» DESCRIPTION OF THE TASK
Aside from the pictures, copy the listing exactly.

» THE DATA
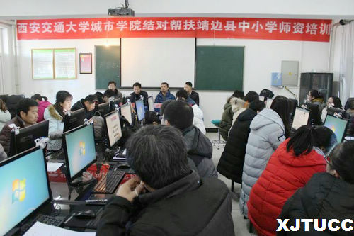 由西安交通大学城市学院和靖边县教育局共同举办的2017年基础教育与职业教育信息化师资第一期培训班于1月9日在靖边县职教中心开讲。
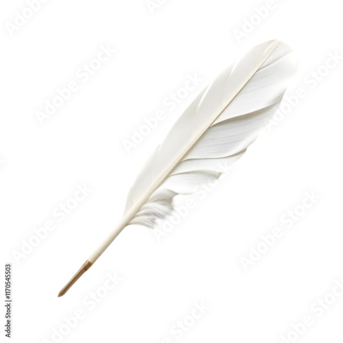 Image of feather pen on white background.
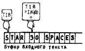 Зададим слову TYPE адрес, по которому, как нам известно, находится строка символов. Напомним, что начальный адрес буфера входного текста задается словом TIB (см. гл. 9 о вариантах диалектов). Допустим, вы вводите команду:

» REPLY TO THE TASK
 由西安交通大学城市学院和靖边县教育局共同举办的2017年基础教育与职业教育信息化师资第一期培训班于1月9日在靖边县职教中心开讲。
 Image of feather pen on white background.
 Зададим слову TYPE адрес, по которому, как нам известно, находится строка символов. Напомним, что начальный адрес буфера входного текста задается словом TIB (см. гл. 9 о вариантах диалектов). Допустим, вы вводите команду:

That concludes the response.